◆ About this exercise:
The expected result is an exact copy of the lines from the one holding "I'm selling a" to the last line of the material, with pictures removed and nothing added.

◆ Available records:
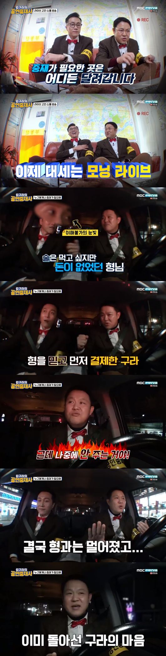 김구라는 고민 상담 이동을 하면서 "예전에 나도 굉장히 친했던 형이 있었다. 근데 그 형이 술 값을 내 돈으로 계산하면 나중에 준다고 하더라. 근데 결국 그 돈을 갚지 않았다. 그러다보니 결국 멀어졌다"라고 말했다.
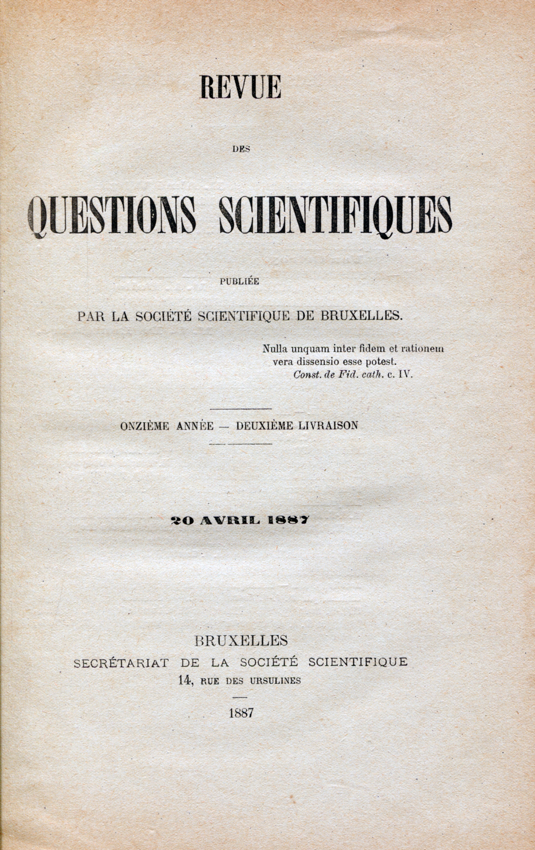 La Rédaction, Table des Matières du vingt et unième volume, in Revue des Questions Scientifiques, 11e année, t. 21, 20 avril 1887, n°2e livraison, p. 695-695.
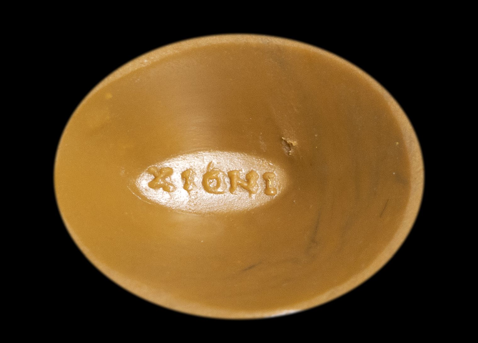 Three layered truncated conical stone, with a small retrograde inscription: INDIX. Slight wear marks.
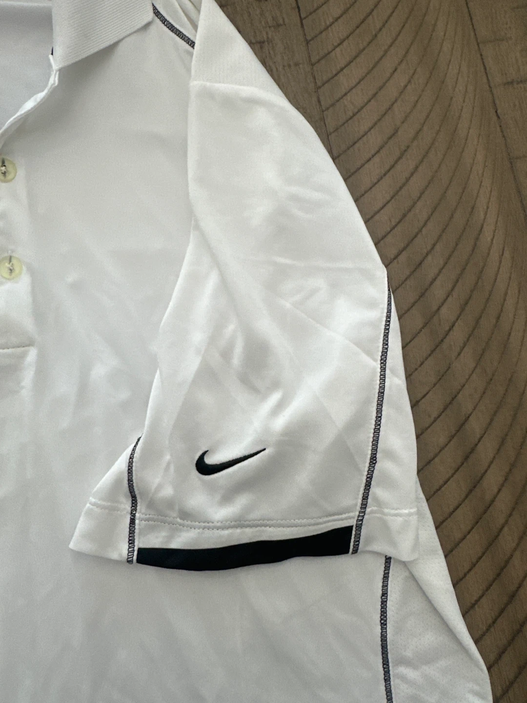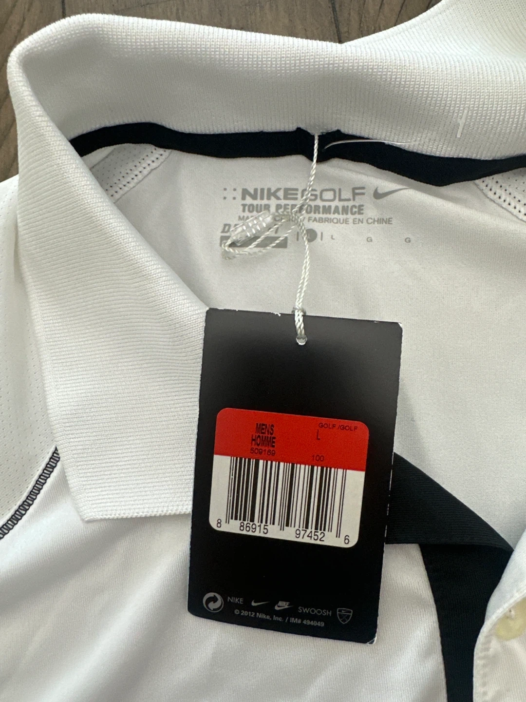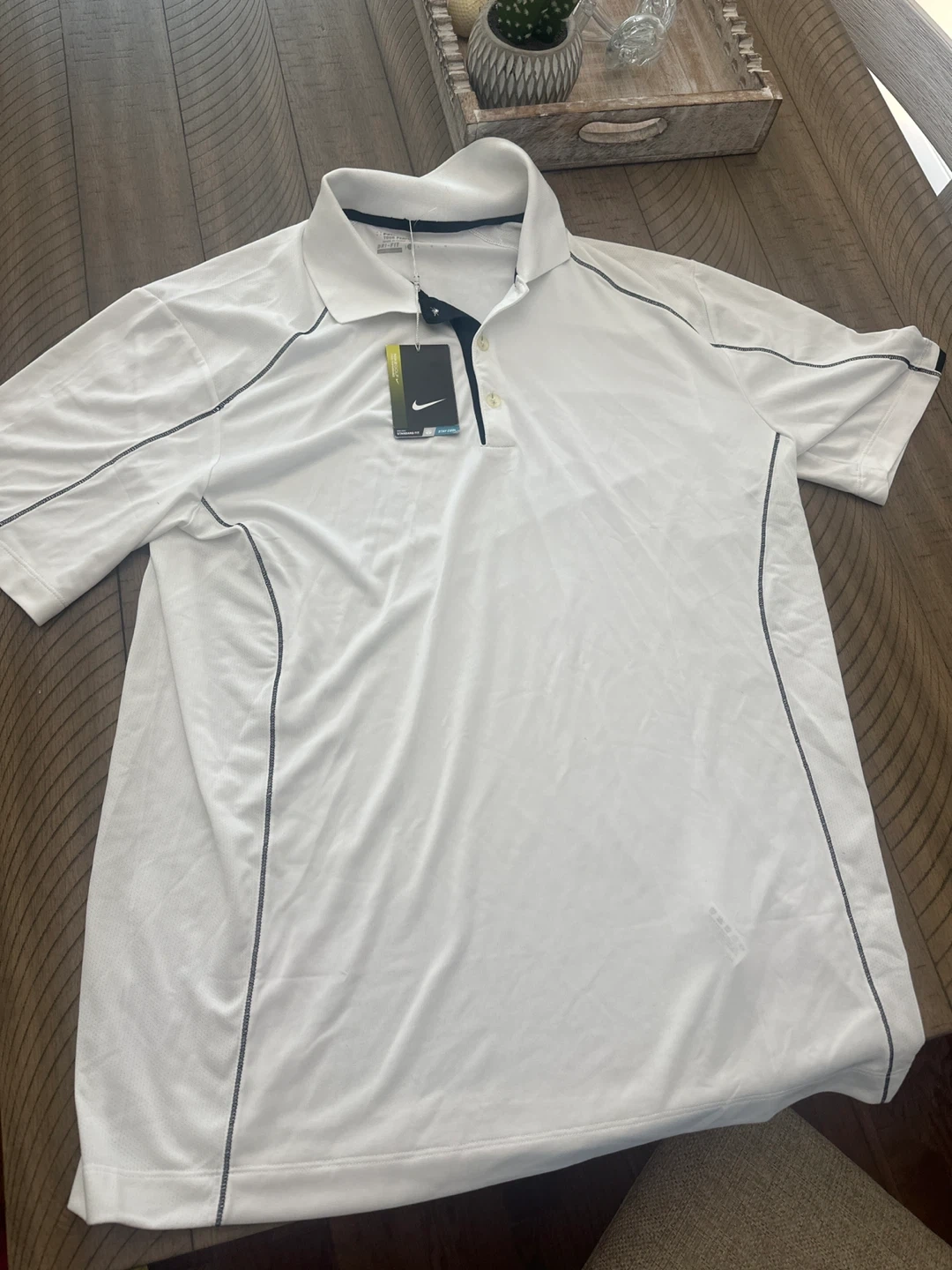 I'm selling a new Nike Golf Tour Performance polo shirt. It's white and a size large. This polo is perfect for hitting the links in style and comfort!
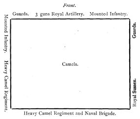 As the British army advanced—the baggage, cast into a circle, was left close in the rear, surrounded by camels, which were made to lie down with their heads inwards, and their bales placed within them for their armed followers to fire over, thus forming a fortress not very easy to storm. Two hundred and fifty Poona horsemen, and four companies of infantry under Captain Tait, were the only force which could be spared for its protection.
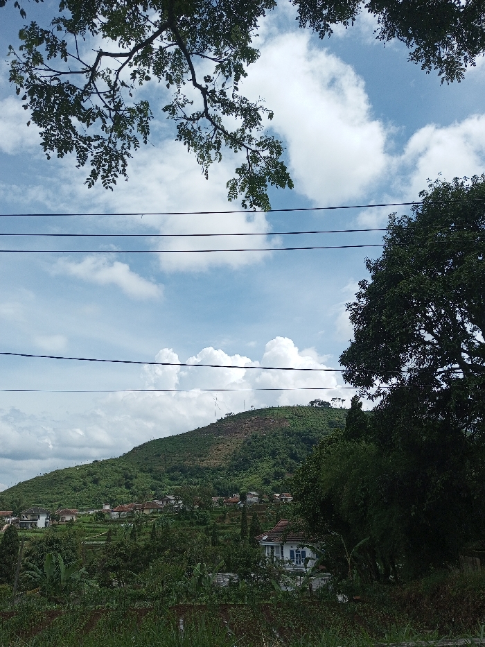A serene landscape features a lush green hill dotted with houses, set against a backdrop of a blue sky filled with fluffy white clouds. Overhead, tree branches with leaves frame the top of the image, while power lines stretch horizontally across the scene. The hill's peak reveals signs of possible deforestation or logging. The foreground is filled with dense greenery, partially obscuring a white house.

◆ Final answer:
 I'm selling a new Nike Golf Tour Performance polo shirt. It's white and a size large. This polo is perfect for hitting the links in style and comfort!
 As the British army advanced—the baggage, cast into a circle, was left close in the rear, surrounded by camels, which were made to lie down with their heads inwards, and their bales placed within them for their armed followers to fire over, thus forming a fortress not very easy to storm. Two hundred and fifty Poona horsemen, and four companies of infantry under Captain Tait, were the only force which could be spared for its protection.
A serene landscape features a lush green hill dotted with houses, set against a backdrop of a blue sky filled with fluffy white clouds. Overhead, tree branches with leaves frame the top of the image, while power lines stretch horizontally across the scene. The hill's peak reveals signs of possible deforestation or logging. The foreground is filled with dense greenery, partially obscuring a white house.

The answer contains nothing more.